[THE TASK] Using the word "Kaufbeuren" as the filter, copy each matching line from the records.

++++++++++++++++++++

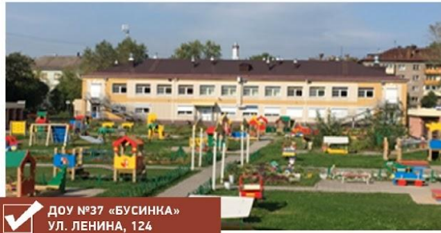
✓ ДОУ №37 «БУСИНКА» УЛ. ЛЕНИНА, 124
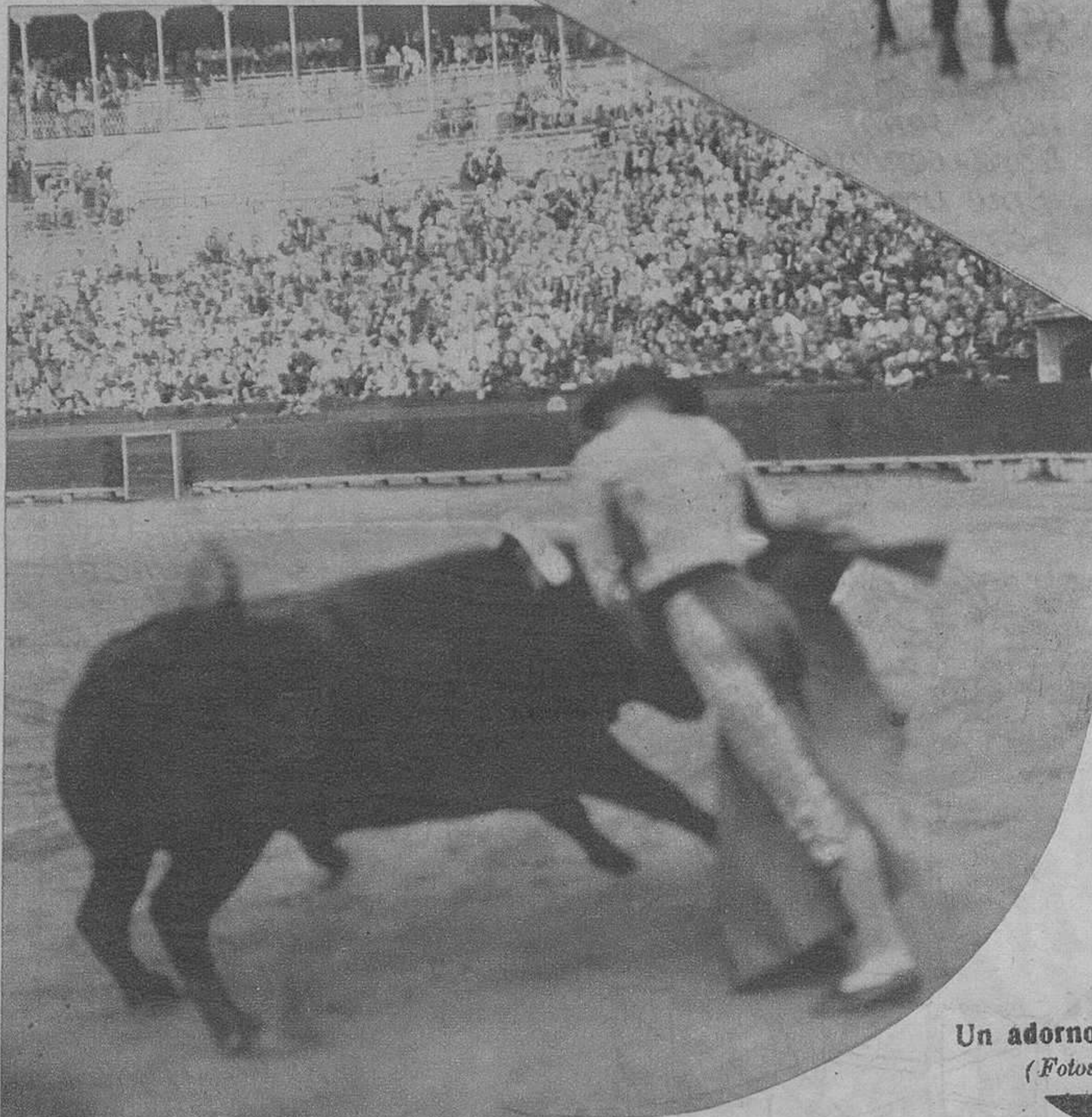
Un adorno de Chicuelo.
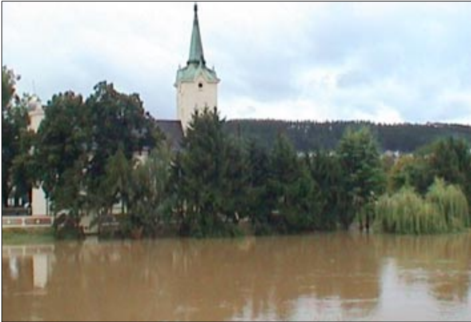
Berounka pod kostelem.
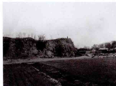
小西门瓮城出口 Barbican Entrance of the Small West Gate
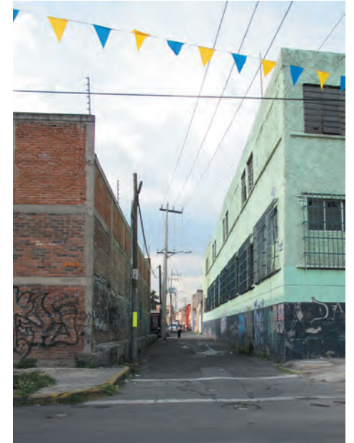
Imágenes 11 y 12 Algunos usos comerciales, de bodegas o industrias generan que sus calles estén o muy concurridas o completamente en abandono.
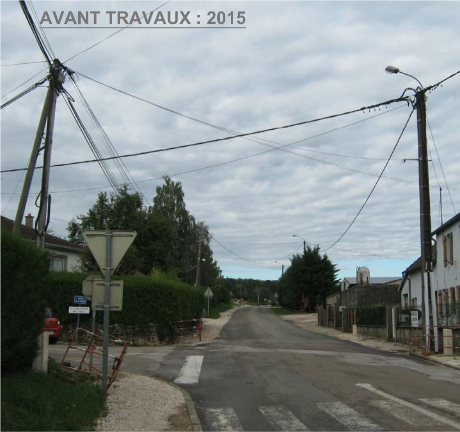
AVANT TRAVAUX : 2015
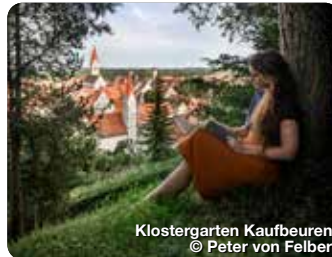
Klostergarten Kaufbeuren

Wie ein Schatzkästchen liegt er im Herzen des Allgäus, im bayerischen Süden Deutschlands. Er ist einer von neun Erlebnisräumen der Region und erstreckt sich über den gesamten Landkreis Ostallgäu, von Füssen über Pfronten, Nesselwang, Halblech, Marktoberdorf bis nach Kaufbeuren und Buchloe. Die königliche Gipfelkulisse aus Ammergauer, Allgäuer und Tannheimer Bergen wachen wie steinerne Riesen über mystische Seen, rauschende Flüsse, sanft gewellte Hügelmeere und sattgrüne Wiesen, zwischen die Dörfer und historischen Städte eingebettet sind. Die archaische Poesie der Landschaft wirkt wie ein großer, weiter Park, der sich vor den vielen Schlössern und Burgen der Region ausbreitet, vor allem zu Füßen des Märchenschlosses Neuschwanstein. TreffpunktDeutschland.de/ostallgaeu
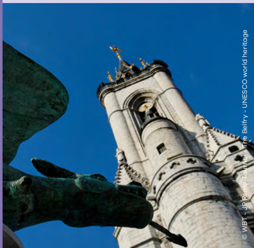
© WBT - J.P. Remy - Tournai - The Belfry - UNESCO world heritage

Lors de votre visite, prenez le temps de flâner sur les rives de l'Escaut et de boire un verre sur la Grand'Place , vivante et conviviale!
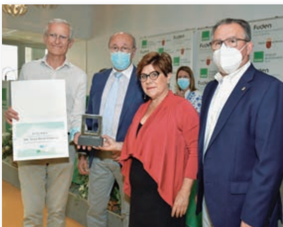
Momento de la entrega del premio a la Asociación de Usuarios de la Sanidad de la Región de Murcia por su trayectoria en la defensa de los derechos de los usuarios.
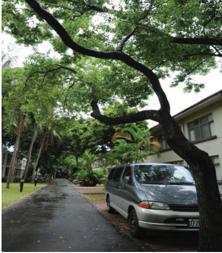
勝利四舍（研究生，男）
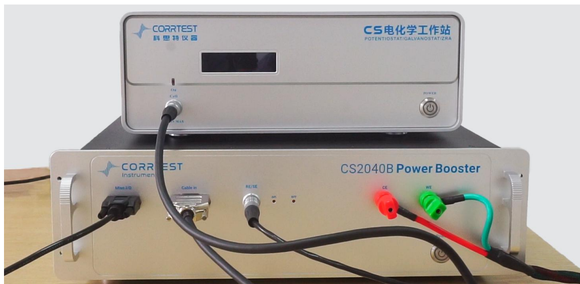
图 1. CS2040B 前面板电极线连接图

1) 将单通道电化学工作站（上）前面板的 6 芯航插用 DB15 母对母金属壳连接线与 CS2040B 功率放大器前面板的“Cable in”连接，CS2040B 专用电极电缆线（RE/SE 电极电缆线与 WE/CE 鳄鱼夹电极电缆线（或铜接线端子电极电缆线））插上，并拧紧，如下图 1。
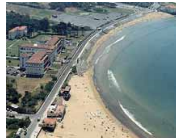
Antes / Lehen

INVERSIÓN: 10.073.532,03 euros (año 2010).
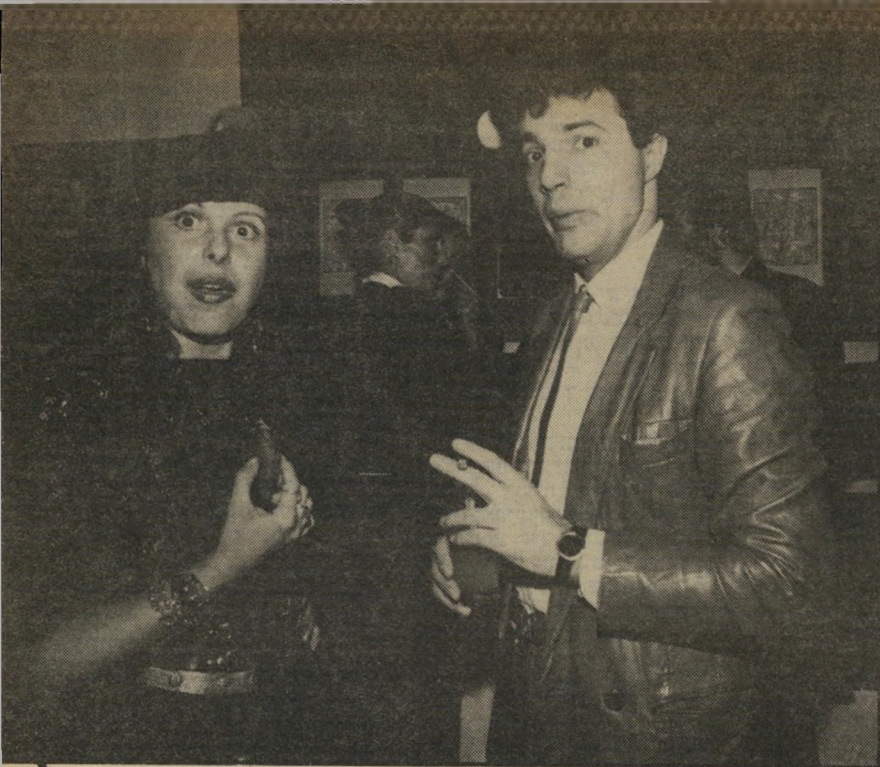
גיארד ונילי טופז יבוא אישי

העסקים לא מונעים מהאחים להיות חברים מכובדים בקהילה היהודית בפרנקפורט. שם אין בודקים בצניעות (וציצים), ותרומות ביד רחבה עוזרות תמיד, גם למטרות ישראליות. מיכל רצתה לחזור ולהשתלב בארץ, ולגדל כאן את ילדיה. נראה שהיא החלוץ לפני המחנה, ושבעיקבותיה יגיעו שאר בני־המשפחה. לאוהבי־מועדונים לא יחסר כאן דבר.
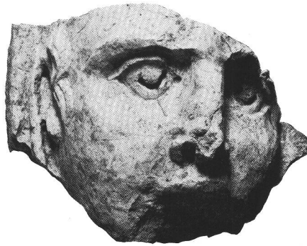
Zone du Forum. Tête en calcaire d'un homme sacrificiant. Hauteur 16 cm.

Il s'agit, d'après M. Bossert, des restes d'une statue humaine proche de la grandeur naturelle, en calcaire du Jura. Ce fragment de tête est conservé sur une hauteur de 16 cm. Les traits caractéristiques du visage évoquent un homme, la tête légèrement tournée vers sa droite. Des plis de tissu encadrent le visage, ce qui indique que l'hom-
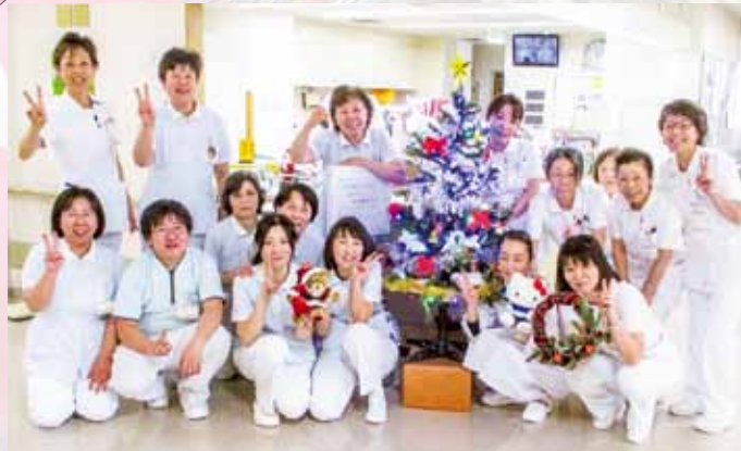
看護・介護力を合わせてがんばります
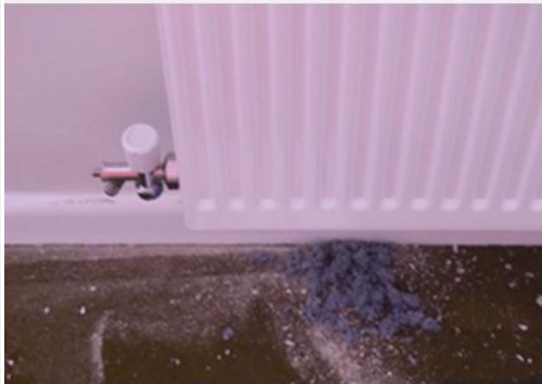
Loose-fill blue asbestos in wall cavity drilled out whilst fitting a radiator
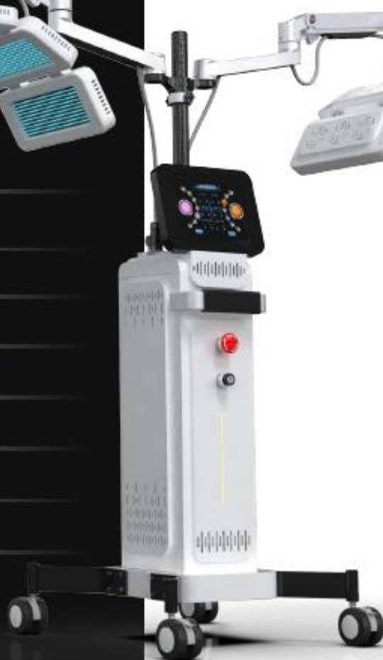
Dual Lumière II

++++++++++++++++++++

[RESPONSE]
Klostergarten Kaufbeuren
Wie ein Schatzkästchen liegt er im Herzen des Allgäus, im bayerischen Süden Deutschlands. Er ist einer von neun Erlebnisräumen der Region und erstreckt sich über den gesamten Landkreis Ostallgäu, von Füssen über Pfronten, Nesselwang, Halblech, Marktoberdorf bis nach Kaufbeuren und Buchloe. Die königliche Gipfelkulisse aus Ammergauer, Allgäuer und Tannheimer Bergen wachen wie steinerne Riesen über mystische Seen, rauschende Flüsse, sanft gewellte Hügelmeere und sattgrüne Wiesen, zwischen die Dörfer und historischen Städte eingebettet sind. Die archaische Poesie der Landschaft wirkt wie ein großer, weiter Park, der sich vor den vielen Schlössern und Burgen der Region ausbreitet, vor allem zu Füßen des Märchenschlosses Neuschwanstein. TreffpunktDeutschland.de/ostallgaeu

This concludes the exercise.